To offer Himself repeatedly would imply imperfection. But He offered Himself once, at the end of the ages — that is, the decisive turning point of redemptive history — and put away sin completely.
This passage alone utterly refutes the Roman Catholic doctrine of the Mass, which teaches that Christ’s sacrifice is re-presented. Scripture is crystal clear: “not that He should offer Himself often.” He died once — and it was enough.
Hebrews 9:27–28 (NKJV):
“And as it is appointed for men to die once, but after this the judgment,
so Christ was offered once to bear the sins of many.
To those who eagerly wait for Him He will appear a second time, apart from sin, for salvation.”
This verse captures the finality of life and the certainty of judgment. Just as man dies once and then faces God, Christ died once to bear our sins.
This one-time death of Christ is sufficient for all — but only effective for those who believe.

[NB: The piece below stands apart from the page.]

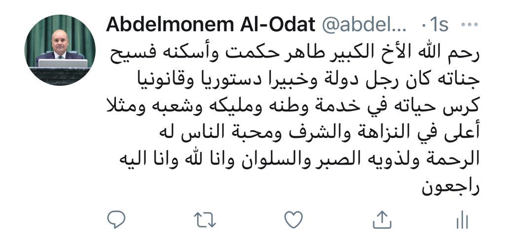 اخبار البرلمان :العودات ينعى طاهر حكمت.

And to those who have been cleansed and await His return, He will come again — not to deal with sin (which was finished at the cross) — but to complete our salvation by glorifying us and bringing us home.
“It ought to be a daily disappointment when our Lord does not come.” (Spurgeon)
Summary of Hebrews 9:16–28:
A covenant demands death to go into effect.
Blood was required under the Old Covenant, and blood was fulfilled in the New.
Christ’s once-for-all offering satisfies the full demands of justice.
He entered heaven itself on our behalf and appears now before God for us.
There will be no repeated sacrifices, because His work is complete.
Death is final — judgment is certain — and Christ’s sacrifice is the only preparation.
For those who believe, He will return — not to deal with sin, but to deliver us fully into glory.